*** Opening of Dataset extract ***

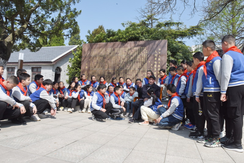 “1952年4月,我们农建四师的万余官兵来淮海农场屯垦戍边的路途中,即便是下雨天也从不扰民,夜晚老百姓的屋檐下、草堆旁官兵是席地而睡,让老百姓深受感动。”4月14日上午,在农建四师大院内的毛泽东发布的“农业建设、生产待命”命令碑文前,89岁的原农建四师战士胡福生正在给射阳县淮海小学六年级的学生讲党史场史,“‘不与民争地、不与民争利’列入了农场的建场方针,我们共产党人是千方百计地保护农民群众的利益。”
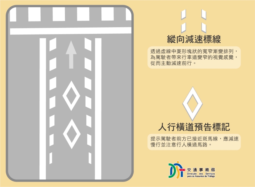 其中,「縱向減速標線」為一組平行於行車道分界線的菱形虛線,常見於坡道、彎道、斑馬線前以及其他需要減速的道路上。透過虛線中菱形塊狀的寬窄漸變排列,為駕駛者帶來行車道變窄的視覺感覺,從而主動控制車速,達至提醒駕駛者減速前行的效果。
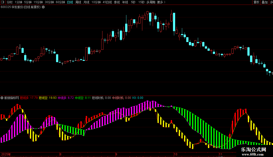 中长期:=100*(C-LLV(L,20))/(HHV(C,20)-LLV(L,20)),COLORMAGENTA;
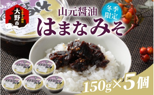 - 【先行予約】越前大野「山元醤油のはまなみそ」5個セット【冬季限定】【2025年10月初旬より順次発送】
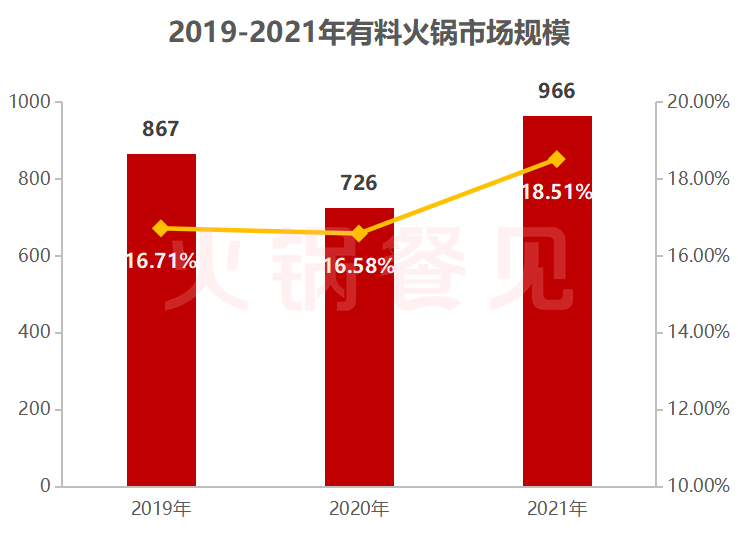 據(jù)《2022中國火鍋大數(shù)據(jù)報(bào)告》,有料火鍋(包括魚蛙類、豬肚雞、椰子雞、蝦火鍋和羊肉火鍋等)市場(chǎng)規(guī)模從2019年的867億元增長至2021年的966億元。
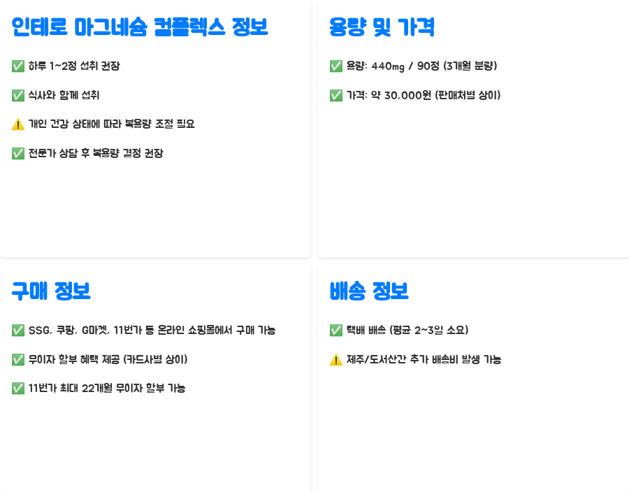 인테로 마그네슘 컴플렉스 복용법 및 구매 정보, 꼼꼼하게 확인하세요!

*** Close of Dataset extract ***

[Goal of the exercise] From the opening line of the entries, copy each line exactly until the line with "- 【先行予約】越前大野「山", which is copied as well; leave out pictures.

[Result of the exercise]
 “1952年4月,我们农建四师的万余官兵来淮海农场屯垦戍边的路途中,即便是下雨天也从不扰民,夜晚老百姓的屋檐下、草堆旁官兵是席地而睡,让老百姓深受感动。”4月14日上午,在农建四师大院内的毛泽东发布的“农业建设、生产待命”命令碑文前,89岁的原农建四师战士胡福生正在给射阳县淮海小学六年级的学生讲党史场史,“‘不与民争地、不与民争利’列入了农场的建场方针,我们共产党人是千方百计地保护农民群众的利益。”
 其中,「縱向減速標線」為一組平行於行車道分界線的菱形虛線,常見於坡道、彎道、斑馬線前以及其他需要減速的道路上。透過虛線中菱形塊狀的寬窄漸變排列,為駕駛者帶來行車道變窄的視覺感覺,從而主動控制車速,達至提醒駕駛者減速前行的效果。
 中长期:=100*(C-LLV(L,20))/(HHV(C,20)-LLV(L,20)),COLORMAGENTA;
 - 【先行予約】越前大野「山元醤油のはまなみそ」5個セット【冬季限定】【2025年10月初旬より順次発送】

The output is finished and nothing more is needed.